休みの内に買った新しい手帳の最後のページに連絡先を忘れずに書いておく。
書き忘れていくつの手帳が帰ってこなかったことか…。
「出来たーっ!」
「何がですか?」
「えっ…うわっ!」
突然の声に驚いて傾けてた椅子ごと倒れてしまった…。
大丈夫ですか!?と聞く声には覚えがある。
恥ずかしいところ見られてしまった…。
「あはは…。大丈夫大丈夫。

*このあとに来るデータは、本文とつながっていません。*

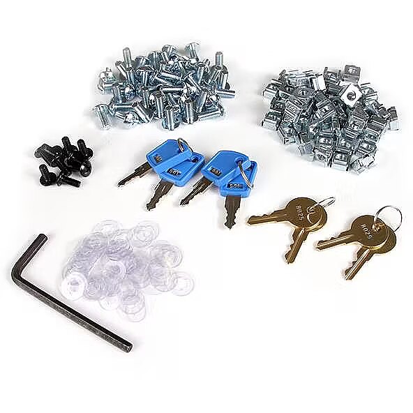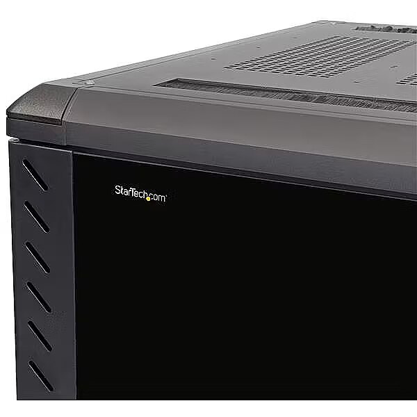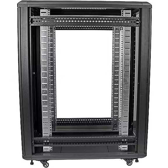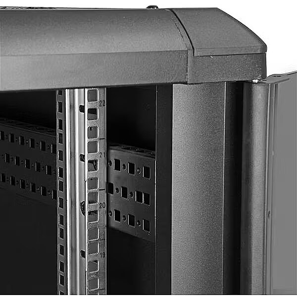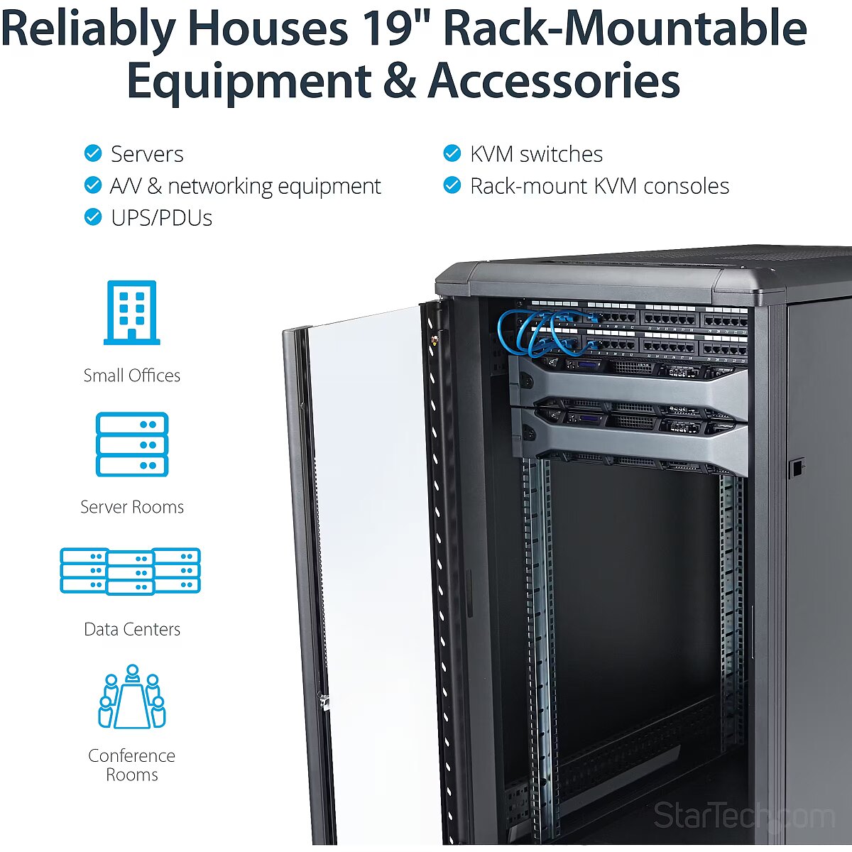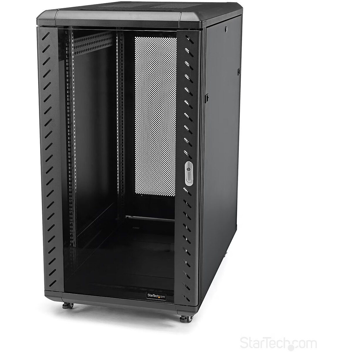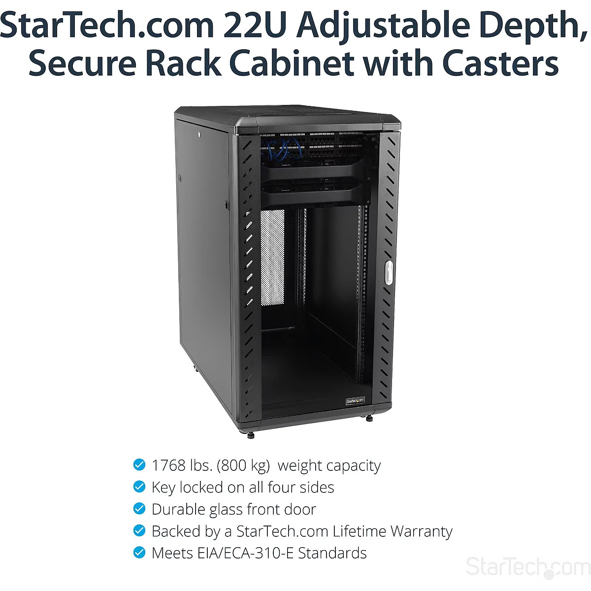 LongDesc - Securely store servers, network and telecommunications equipment in this 22U server rackThis server rack provides 22U of storage space in a sleek secure cabinet for storing EIA-310 compliant 19" rackmount devices such as Dell, HP and IBM servers along with telecommunication and A/V equipment. The rack creates a robust storage solution supporting a total load capacity of 800 kg. (1763.7 lbs.).Hassle-free equipment installationThis rack has been engineered with different features that enable you to easily incorporate plenty of equipment.With adjustable mounting rails you can easily change the rail depth to up to 32.7 in. (830 mm). These rails ensure the cabinet is widely compatible with your standard rackmountable equipment. The added depth also provides support for additional cable and power management behind your equipment.The rack features brushed ports on the ceiling and floor panels that enable you to easily run cabling to the inside and outside of the cabinet, for discreet cable management. The floor and ceiling panels can also be removed enabling you to customize your setup, and the rack features grounding lugs that enable you to ground your equipment for added protection.Securely protect your equipment while still being able to see itTo ensure you have full visibility of your equipment while securely locking it up, this rack has a stylish glass window on the front door. The glass door looks great in any server room, and gives you the freedom to clearly monitor equipment without the hassle of opening your rack.The rack also has removable side panels with independent locks quick-release mechanisms that enable you to easily access your equipment while still keeping it secure.Save money, with a cost effective, compact shipping containerThe cabinet comes in a flat packed box to reduce shipping volume, which significantly reduces your costs in shipping. Plus, because the rack is packaged efficiently, you can easily store the cabinet, for deployment at a later date.Maximum Maneuverability, with casters includedThe cabinet features casters ensuring hassle-free access to the rear mounted equipment, while providing ease of mobility around your office, studio or server room. Plus, the width and height of the rack fits through standard doorways, giving you the freedom to wheel your server rack into different rooms.Ensure your equipment is running at an optimal temperatureThe rear door on the rack is mesh, and the front glass door is vented, working together to increase airflow to provide passive cooling that's cost effective and ensures your equipment runs at an optimal temperature.The top ceiling panel features square venting holes that are cage nut compatible, which provide mounting points that enable you to add additional equipment at the top of your rack.The RK2236BKF is backed by a lifetime StarTech.com warranty with free technical support.The StarTech.com Advantage
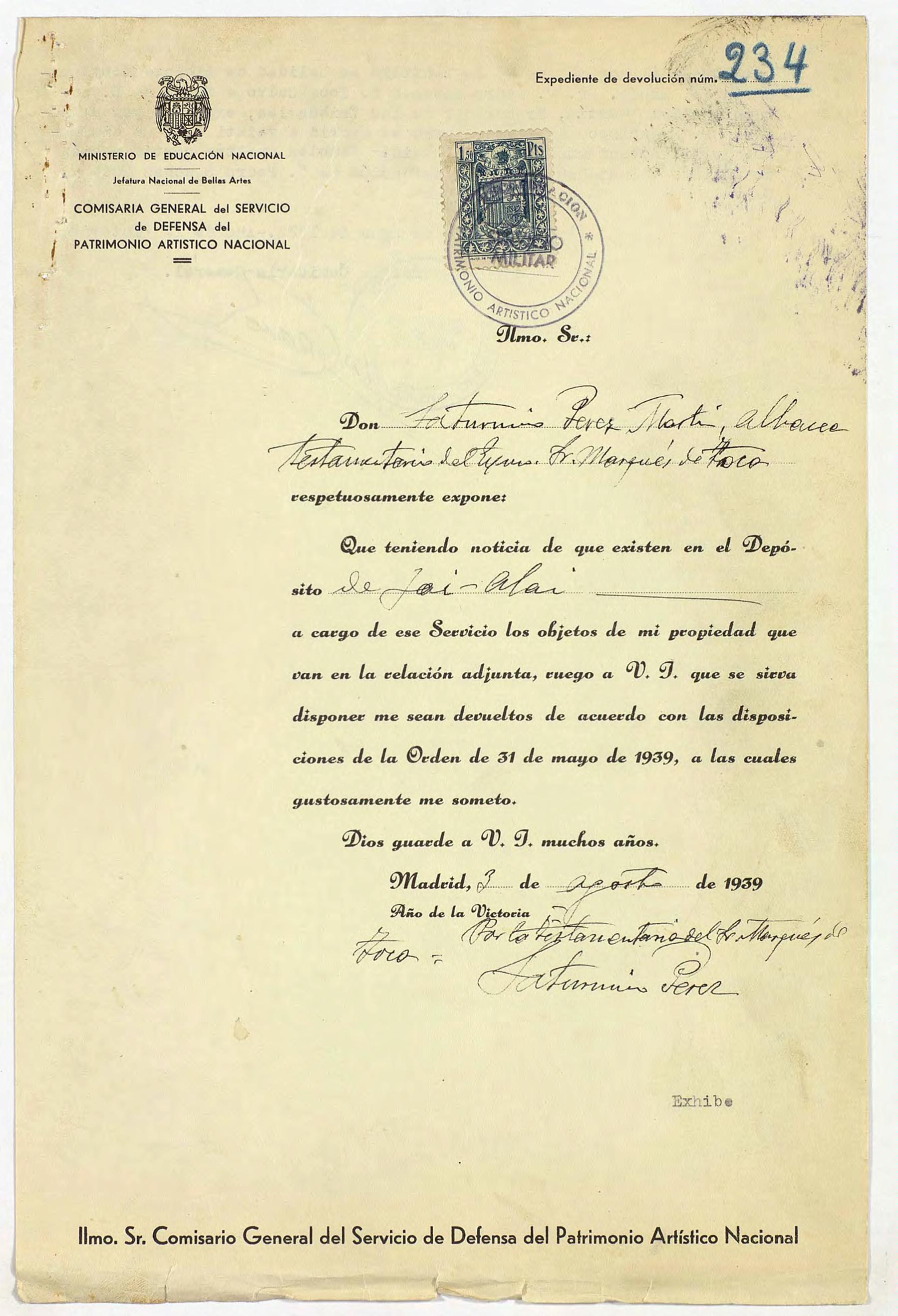 Expediente de devolución de Pedro Sánchez de Toca Calvo, marqués de Toca
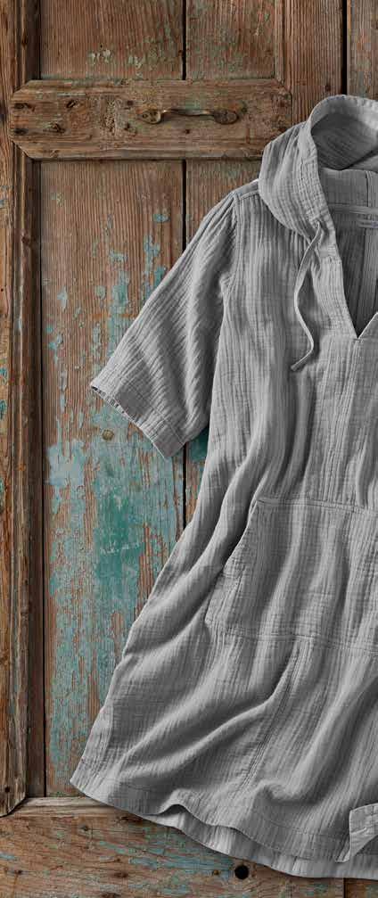 Made of two lightweight panels of pillowy soft cotton crepe, the look and feel of this dress is beachy and breezy. Features a hood with drawcord, flattering v-neckline, and kangaroo pocket. Poplin trim at the inner cuff, hem, and side vents for a smooth drape. Clean-finished seams. It works well as a cover-up and tunic, too. 100% cotton. Imported in Cement. Women’s sizes: XS-XL. [366008] $ 89

ところでモミジさんはなんで俺のクラスに?」
彼女は隣のクラスだったはず。
「なんでじゃないですよ!もう約束の時間を30分も過ぎてますよ!」
時計を見ると午後4時。そういえば午後3時半から図書室で臨時の同好会会議をするんだった。授業終わりからぶっ続けで書いてたら時間を忘れてしまっていたらしい。
「ごめん、忘れてた…。」
「もう、しっかりしてくださいよ。臨時で会議を開こうって言ったのは司君ですし、同好会ができたら会長になるんですからね!」
「面目無い…。」
ははは。と、乾いた笑いで誤魔化す。
返す言葉もないとはこのことか。
「もう、じゃあ先に行ってますよ。」
「あっ、待って!直ぐ行くから!」
慌てて荷物をまとめて走って追いかける。
バタバタと走る音に紛れてポトンと、ポケットから手帳が落ちたが、空良は気付けないままドアをバタン!と閉じて走って行ってしまった。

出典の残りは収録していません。